* WHAT IS REQUIRED *
Leave out the pictures, and retype the remaining data exactly.

* RECORDED INFORMATION *
□ □ □ □ □ □ □
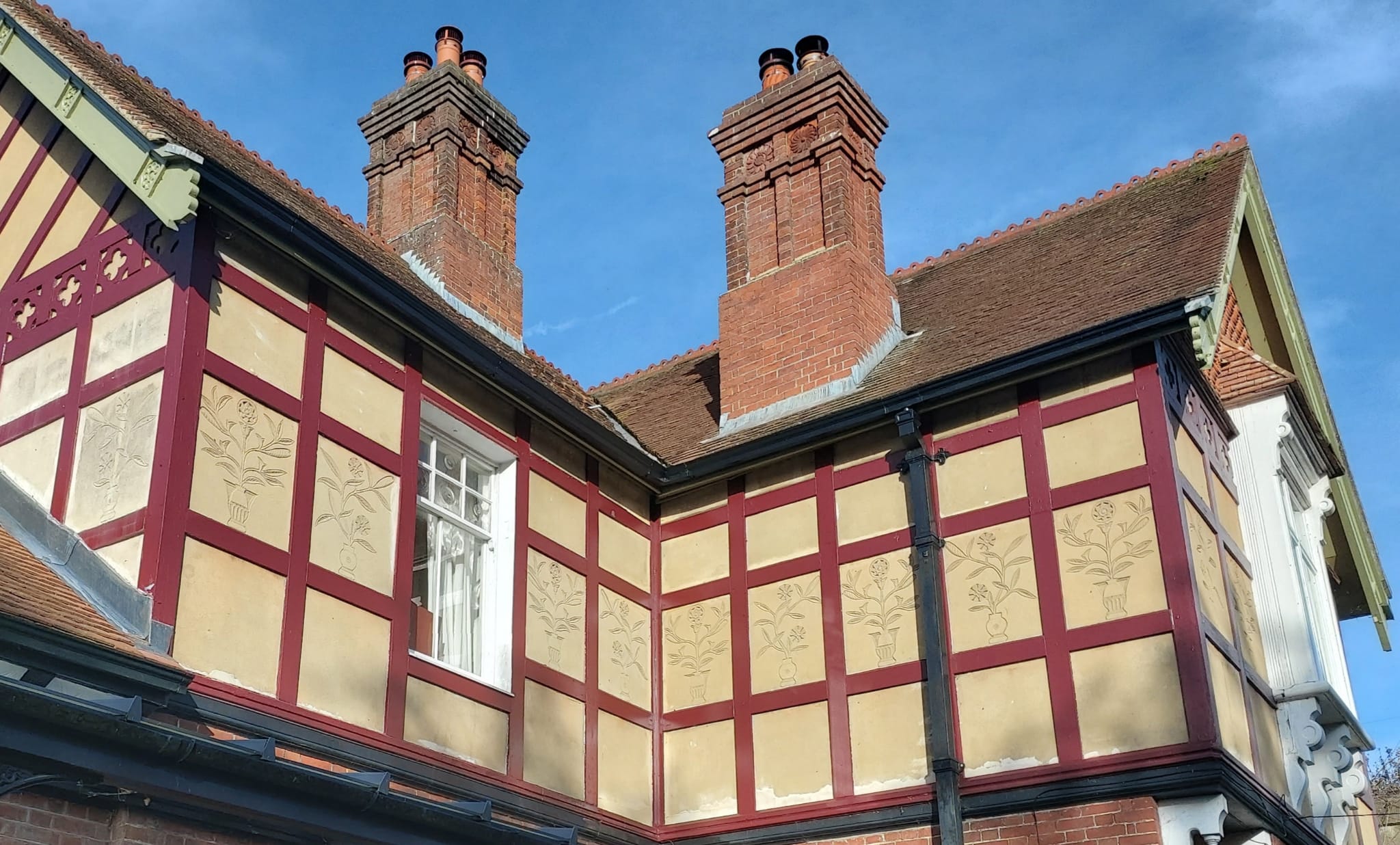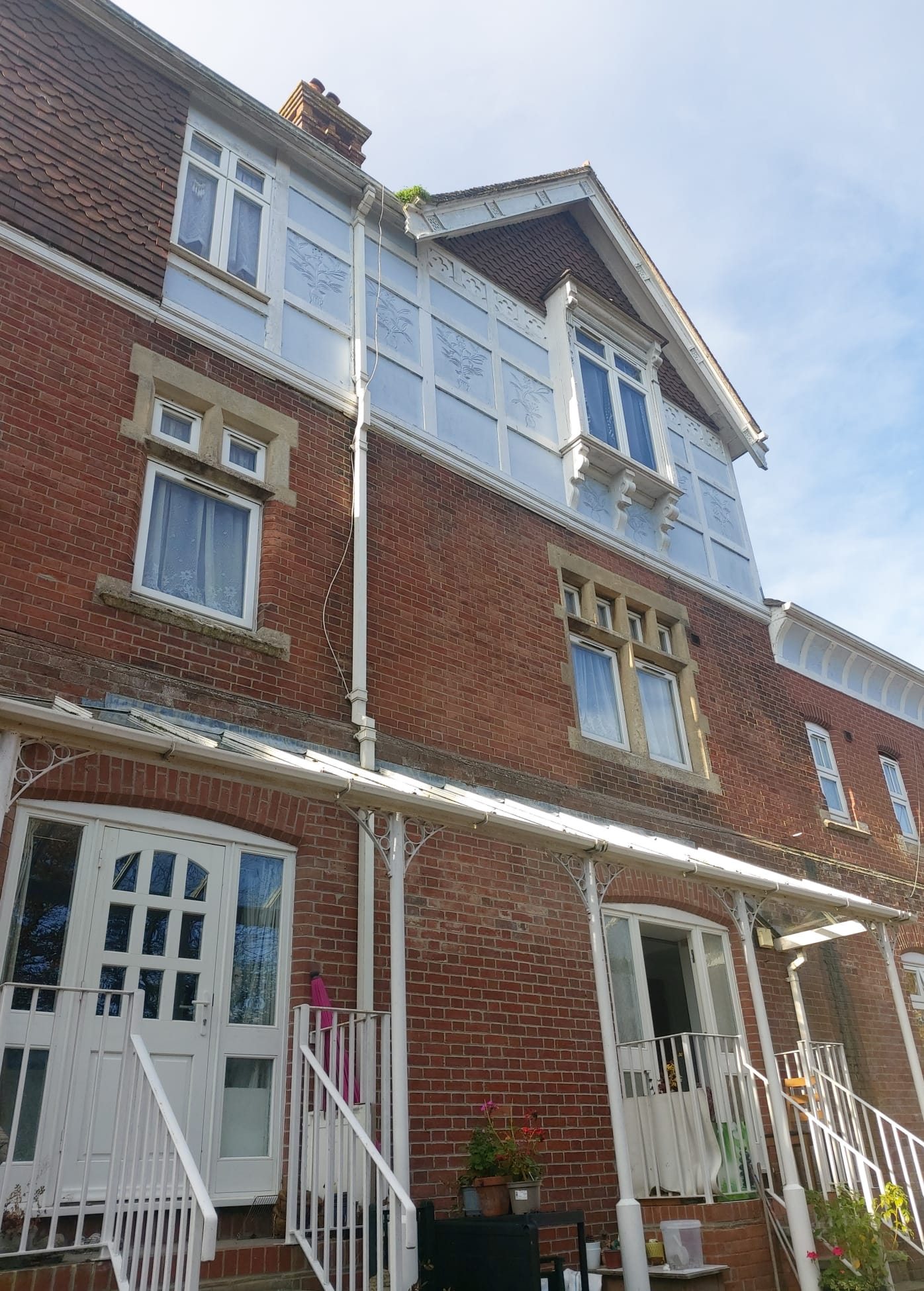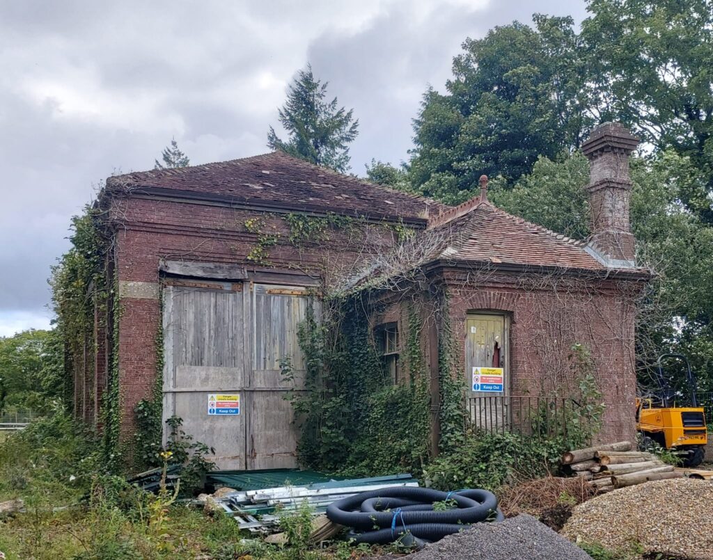 Alas, too soon our way forward was blocked: we had reached the end of the new extension. Turning round, we headed back to Singleton Station, dropping down a ramp to the side of the platforms to see the old station building – now a private residential home. In the restored rendering on the top half of the house were more of the exquisite drawings of flowers in vases, seen earlier on Lavant station.
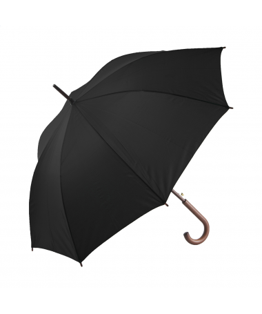 Ombrello automatico antivento con 8 pannelli in Pongee 190T, impugnatura in legno, struttura in metallo e fibra di vetro.
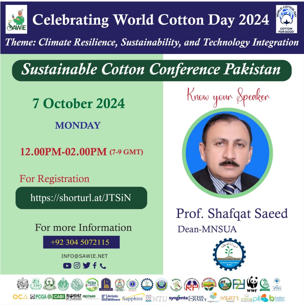 This conference brings together key players, including farmers, industry experts, and policymakers, to discuss the future of sustainable cotton production. Don’t miss the opportunity to learn from Prof. Shafqat Saeed and other distinguished speakers as they share valuable insights into overcoming the challenges and seizing the opportunities that exist within the cotton industry in Pakistan.
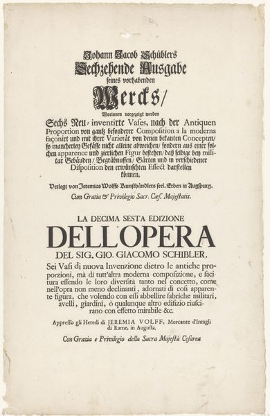 Curator: This piece presents an interesting window into early 18th-century garden design. This is “Johann Jacob Schüblers Neunzehende Ausgabe seines vorhabenden Wercks,” dating from after 1724. Editor: Woah, a real typographical feast! All those baroque fonts shouting at each other… What is it, exactly? Curator: It’s an engraing print poster. Jeremias Wolff published this nineteenth edition, depicting various garden ornaments—cascades, antique busts, and what sounds like rather elaborate landscaping. Editor: "Typographical feast" is too kind. It’s almost aggressive, isn’t it? It feels like visual noise designed to overwhelm. All those Teutonic letterforms are supposed to sell landscaping ideas? Curator: Remember the time, though. The Baroque *loved* ornament, loved density. And print was how you advertised then! Look at how the descriptions boast of novelty and refined taste—garden design was serious business for the wealthy. Editor: Yes, but who had time to decode all that verbiage? Perhaps its aesthetic impact outweighed its legibility. I think this points to a system where only a privileged elite, proficient in ancient languages and social etiquette, can actually decipher the piece. Curator: Well, certainly the leisure to cultivate such gardens presupposes significant wealth and privilege. Note how Latin phrases also weave into the German and Italian text here—a real display of erudition! It speaks to power, knowledge and international commerce Editor: I see those textual references you mentioned function like performative gatekeeping: Who's *in*, and who is manifestly *out*. How can we make these historical design manifestos feel relevant today? Curator: Well, thinking about the fight for public space in contemporary cities. The battle to shape our environment, the echoes of privilege and power... Perhaps these ornamental gardens offer a strange mirror to those struggles. Editor: A fascinating link. And the discussion helps me to feel far less overwhelmed by those Teutonic fonts—so thank you! Curator: My pleasure. Let's go find something more legible next!
□ □ □ □ □ □ □
* TASK RESPONSE *
 Alas, too soon our way forward was blocked: we had reached the end of the new extension. Turning round, we headed back to Singleton Station, dropping down a ramp to the side of the platforms to see the old station building – now a private residential home. In the restored rendering on the top half of the house were more of the exquisite drawings of flowers in vases, seen earlier on Lavant station.
 Ombrello automatico antivento con 8 pannelli in Pongee 190T, impugnatura in legno, struttura in metallo e fibra di vetro.
 This conference brings together key players, including farmers, industry experts, and policymakers, to discuss the future of sustainable cotton production. Don’t miss the opportunity to learn from Prof. Shafqat Saeed and other distinguished speakers as they share valuable insights into overcoming the challenges and seizing the opportunities that exist within the cotton industry in Pakistan.
 Curator: This piece presents an interesting window into early 18th-century garden design. This is “Johann Jacob Schüblers Neunzehende Ausgabe seines vorhabenden Wercks,” dating from after 1724. Editor: Woah, a real typographical feast! All those baroque fonts shouting at each other… What is it, exactly? Curator: It’s an engraing print poster. Jeremias Wolff published this nineteenth edition, depicting various garden ornaments—cascades, antique busts, and what sounds like rather elaborate landscaping. Editor: "Typographical feast" is too kind. It’s almost aggressive, isn’t it? It feels like visual noise designed to overwhelm. All those Teutonic letterforms are supposed to sell landscaping ideas? Curator: Remember the time, though. The Baroque *loved* ornament, loved density. And print was how you advertised then! Look at how the descriptions boast of novelty and refined taste—garden design was serious business for the wealthy. Editor: Yes, but who had time to decode all that verbiage? Perhaps its aesthetic impact outweighed its legibility. I think this points to a system where only a privileged elite, proficient in ancient languages and social etiquette, can actually decipher the piece. Curator: Well, certainly the leisure to cultivate such gardens presupposes significant wealth and privilege. Note how Latin phrases also weave into the German and Italian text here—a real display of erudition! It speaks to power, knowledge and international commerce Editor: I see those textual references you mentioned function like performative gatekeeping: Who's *in*, and who is manifestly *out*. How can we make these historical design manifestos feel relevant today? Curator: Well, thinking about the fight for public space in contemporary cities. The battle to shape our environment, the echoes of privilege and power... Perhaps these ornamental gardens offer a strange mirror to those struggles. Editor: A fascinating link. And the discussion helps me to feel far less overwhelmed by those Teutonic fonts—so thank you! Curator: My pleasure. Let's go find something more legible next!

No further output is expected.